During that period when nursing homes companies were profitable, Sun Healthcare was born. It acquired its first facility in 1996 and by the beginning of 1999 it was operating more than 90 nursing homes, making it the largest provider of skilled nursing care in California and a very large debtor.

"There was a very `cush' time, money was rolling in and facilities were in a big buying mode," Cole said.

But that ended soon. Cole said in the constant search for ways to tighten the budget, Congress looked to Medicare, found waste and decided to change the payment system to one that would be harder to abuse.

"So the government at some point says, `Wait. We'll look at how sick people are, and then pay for what they see.'"

That moment came on Jan. 1, 1999, when the federal Balanced Budget Act went into effect. The law stipulates that Medicare pay for nursing home care according to fee schedules and that they pay no more than $1,500 per patient per year to any one provider of ancillary care.

"So the floor fell out" for nursing home companies, said Cole -- Sun included.

Sun's annual financial report to the Securities and Exchange Commission states that "prior to the implementation [of the Balanced Budget Act], Sun's ancillary services ... had significantly higher operating margins than the margins associated with Sun's long-term and subacute care facilities and accordingly such facilities provided most of Sun's operating profits."

The act's Medicare provisions, says the report, "significantly affected" the company's financial health, reducing its Medicare revenues by more than half.

A company flush with capital may have been able to take such a blow, Cole said. But because Sun has lots of debt to service, the money ran out. It was a little more than 10 months after the Medicare change that Sun declared bankruptcy.

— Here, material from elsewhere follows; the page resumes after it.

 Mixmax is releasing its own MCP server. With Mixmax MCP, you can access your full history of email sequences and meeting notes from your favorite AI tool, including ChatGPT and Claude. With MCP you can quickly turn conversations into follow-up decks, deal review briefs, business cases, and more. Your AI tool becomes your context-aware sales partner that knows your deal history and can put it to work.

Greg Johnston, a spokesperson for Sun, said drawing any connection between bankruptcy and patient care is absurd.

"There is not any significant cost cutting, and patient care is not jeopardized in any way," he said. The company was responding to bankruptcy by "divesting itself of facilities," he said, although the company does not plan on selling off any Eureka facilities. While he did not admit to staff shortages at any SunBridge facility, he pointed out that there is a national shortage of nursing home staff.

 

"Everybody's having trouble finding nurse assistants," said Linda Wahlbaker, administrator at St. Luke Manor, a Lutheran nursing home in Fortuna.

Wahlbaker said there is more than one way to respond to a staffing shortage. When the facility saw that it wasn't able to fill its staff rolls, it could have increased working hours for the staff or tried to scrape by with fewer direct care personnel -- the SunBridge solution. Instead, St. Luke started to reduce the number of residents. The ratio of residents per staff member has stayed at about 8:1, she said.

That's hurt the facility's finances, because it is required to pay upkeep on the building and other overhead at the same rate even if the number of paying "customers" diminishes. Wahlbaker said St. Luke loses about $30,000 a month.

But, she said, profit "has never been our mission ... and I can honestly say we've never turned a profit." The deficit is made up through fund-raising efforts.

Wahlbaker said it is community involvement that allows St. Luke to provide excellent care -- as reflected in a survey where serious concerns like untreated bedsores, failure to care for incontinence and falls are conspicuous in their absence.

And rather than take a defensive attitude toward the few failures which are noted in the survey, Wahlbaker said the facility tries to see them as helping to assure quality.

"My philosophy has always been that regulations are there for a reason and we need to work with the regulating agency to provide good care."

After all, Wahlbaker said, "Regulations are meant to protect people -- and our mission is to care for people and their needs."